Other covariates included were: offspring birth cohort (1982-86 (referent), 1987-89, 1990-93, 1994 and later; Gender; African American v non African American background; Income (<$30,000, $30,000-<$75,000, >= $75,000); case (v comparison) family status; and indicator variables for age at first drink (12 and younger, 13,14,15,17,18, and 19 or older. 16 was the median age and used as the reference group).

a

defined as time-varying

Discussion

A main objective of the present report was to examine risk factors across distinct transitions in the development of AUD in order to identify those that were common and those that were specific to particular transitions, and to discuss these in light of particular domains of risk influence. In general, we observed considerable consistency of significant influences across transitions, with hazards of all 4 transitions elevated for offspring ever use of cannabis and externalizing disorders, and hazards for 3 transitions elevated for parental AUD, perceived peer substance use and internalizing disorders. Influences related to timing of transitions were especially apparent for initiation of alcohol use, where many were linked to very early use, before age 13, and further, before age 15. For later transitions to AUD problems and to AUD, parental AUD (and especially maternal AUD with or without paternal AUD), cannabis use, internalizing and externalizing disorders, and perceived substance use of peers were associated with increased hazards of transitioning that were for the most part constant. Several findings deserve further comment.
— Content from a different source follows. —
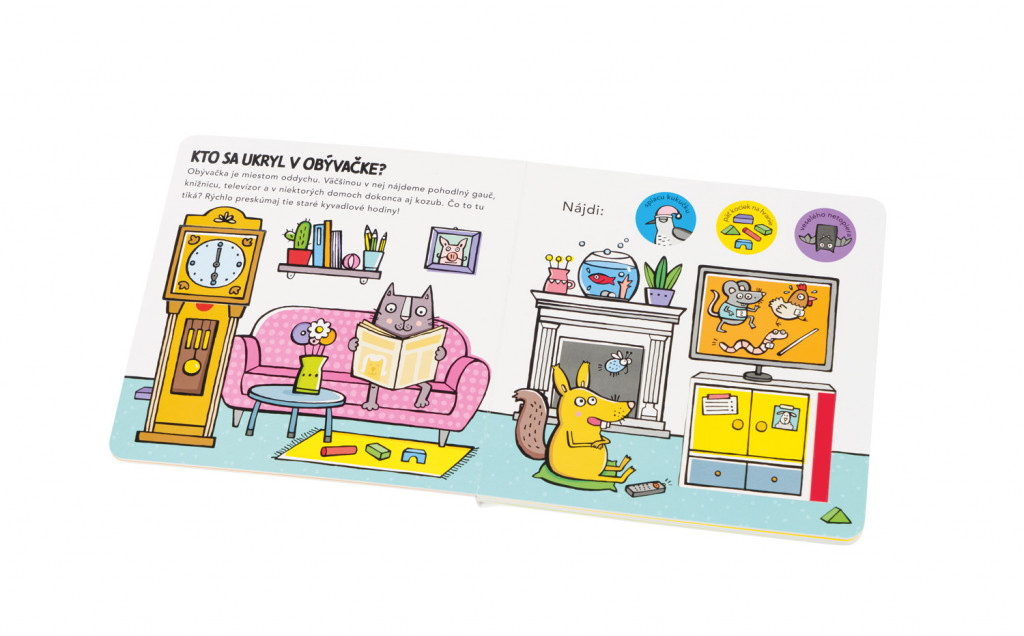 Obľúbený formát leporela s odklápacími chlopňami a posuvnými dvierkami poskytuje malým čitateľom dôvtipnú zábavu a zároveň formuje ich predstavu o tom, ako to vyzerá v jednotlivých miestnostiach v dome a na čo tieto miestnosti zvyčajne slúžia. Práca s takouto knihou prispieva aj k zlepšovaniu koordinácie ruka – oko. Deti tu objavujú zvieratká ukryté v kuchyni, v obývačke, v detskej izbe, v kúpeľni, či na záhradke a riešia jednoduché úlohy zamerané na rozvoj pozornosti a základných matematických predstáv.
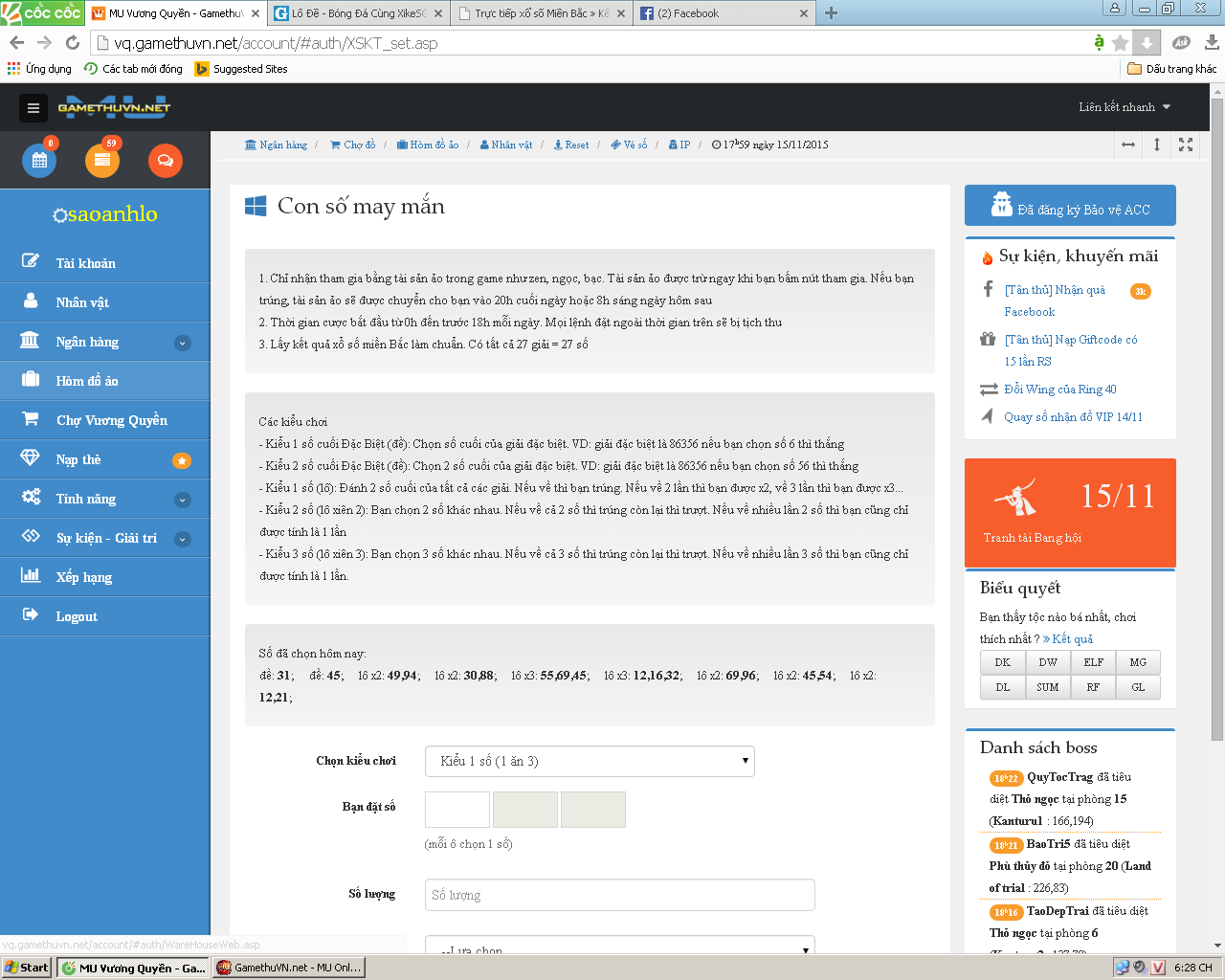 16. Mở thưởng chủ nhật ngày 15/11/2015

We observed significant associations of parental AUD with all but one transition, with increased hazards ranging from about 16-28%, broadly in line with other estimates reported in the literature (e.g. Grant et al, 2015; Trim et al, 2010; Sartor et al 2007; King & Chassin, 2007). In addition, our analyses extended the literature by estimation of separate effects for AUD in mothers-only, in fathers-only, and in both parents, distinctions made possible by the ample number of offspring from COGA families in which only mothers were affected. Other high risk family studies of AUD have been selected primarily on the basis of affected fathers (e.g., Wong et al, 1999; Jacob et al 2004; Calvert et al 2010), with maternal AUD not excluded but also not serving as a selection criterion. In the few studies based exclusively on affected mothers (e.g. Hill et al 2011; Bidaut-Russell et al 1994) or on either affected mothers or fathers (Chassin et al 1993; Lieb et al 2002), evidence suggested relationships of maternal AUD with offspring AUD involvement, but often was not definitive owing to small numbers of affected mothers. Our data provided evidence for influences of maternal-only (versus paternal-only) AUD across early and late AUD transitions, with estimated hazard ratios for maternal-only AUD that were similar in magnitude to those for 2 AUD parents. Our findings contrast with a report where maternal AUD influences were limited to initiation (Sartor et al., 2007). Potential explanations for our results are that maternal AUD may reflect a higher genetic loading, or may be linked to greater disruption in the offspring's rearing environment, thus contributing as both a genetic and an environmental risk factor, lines of inquiry that can be investigated in future analyses. We did not observe gender interactions with parental AUD, unlike others who have reported that mothers’ AUD may be particularly influential for their daughters’ substance involvement (Bohman et al 1983). We did not consider either severity or persistence of AUD, which might have altered our results, nor did we consider outcomes other than alcohol involvement, possibilities that merit examination in future analyses.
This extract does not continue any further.